Prof. Pollock and collaborators have utilized the scanning electron microscope as an experimental platform for other novel in-situ experiments. In-situ straining stages integrated with a new digital image correlation technique that implements Heaviside functions has enabled strain localization during monotonic and cyclic loading to be studied at previously unreachable resolution over statistically relevant volumes of material.This has provided new insights on the irreversibility of slip during fatigue, the role of triple junctions in promoting slip band formation and enabled fatigue strength to be predicted from the localization behavior during the first cycle of loading for a wide spectrum of metallic materials. Techniques for dynamic imaging of plastic deformation processes by transmission scanning electron microscopy have been developed, enabling for the first time, observation of dislocation dynamics in the lower voltage imaging conditions of the SEM.  This approach has provided new insights on high temperature deformation mechanisms in superalloys that involve cooperative precipitate shearing and dynamic formation and removal of superlattice intrinsic stacking faults and antiphase boundaries High throughput methods for mapping these fault energies over muti-dimensional composition space have provided another suite of design tools for alloys containing ordered precipitates.  Combinatorial and high throughput screening methods have also enabled design of new multilayered oxidation-resistant coating systems for metallic and refractory alloy substrates.

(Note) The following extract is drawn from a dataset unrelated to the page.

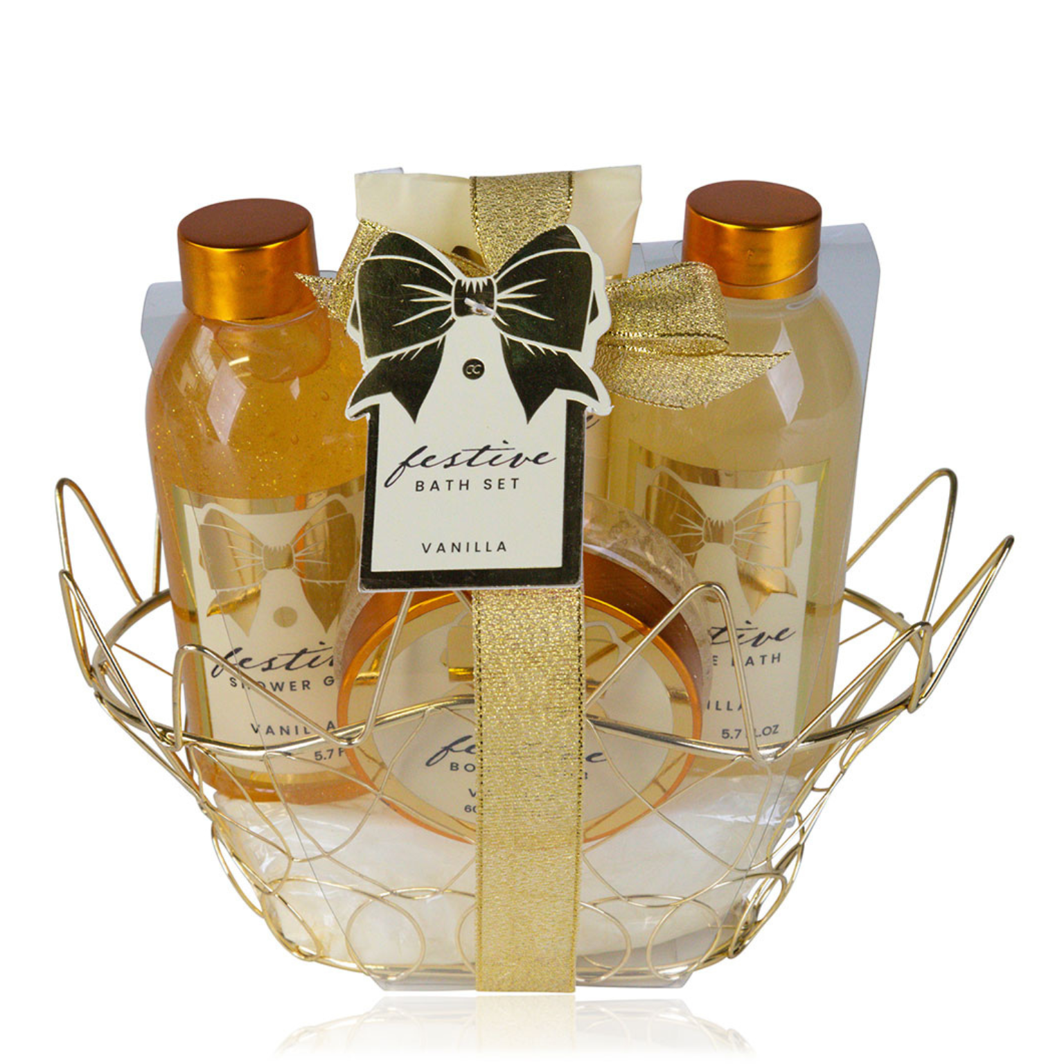 Badeset FESTIVE in ovalem Drahtkorb

Professor Pollock has played a leadership role in the development and advancement of the US Materials Genome Initiative (MGI), the federal multi-agency initiative aimed at discovering, manufacturing, and deploying advanced materials twice as fast and at a fraction of the cost, compared to traditional methods. The initiative has created policy, resources, and infrastructure to support the adoption of methods for accelerating materials development.  Previous to MGI, she co-chaired the 2008 National Academy of Engineering study on “Integrated Computational Materials Engineering” (ICME) and led the organization of a large number of national and international workshops and symposia on ICME and the MGI.  Professor Pollock has also provided leadership for the materials profession, with a focus on junior professionals, in her role as President of the Minerals, Metals and Materials Society (TMS) in 2005 – 2006 and as Editor-in-Chief of the Metallurgical and Materials Transactions family of journals.

Professor Pollock has been recognized by a number of awards, honorary lectureships and membership in national academies. She is a Fellow of TMS and ASM and was elected to the US National Academy of Engineering in 2005.  In 2015, she received the Acta Materialia Hollomon Award in Materials and Society and the German National Academy of Sciences Leopoldina   She was selected as a Department of Defense Vannevar Bush Faculty Fellow in 2017. She received the TMS Morris Cohen Distinguished Achievement Award and  the Society for Engineering Mechanics Hentéyl Award (2018), the Institute of Metals Robert Franklin Mehl Award (2020) and the honorary membership in the Société Française de Métallurgie et de Matériaux (2021).

In accepting the 2023 Acta Materialia Gold Medal, Professor Pollock acknowledges with deepest gratitude her students, postdocs, professional colleagues, and collaborators throughout the world.  

Professor Pollock will receive the 2023 Acta Materialia Gold Medal at the TMS Annual Meeting in San Diego, CA, March 19-23, 2023.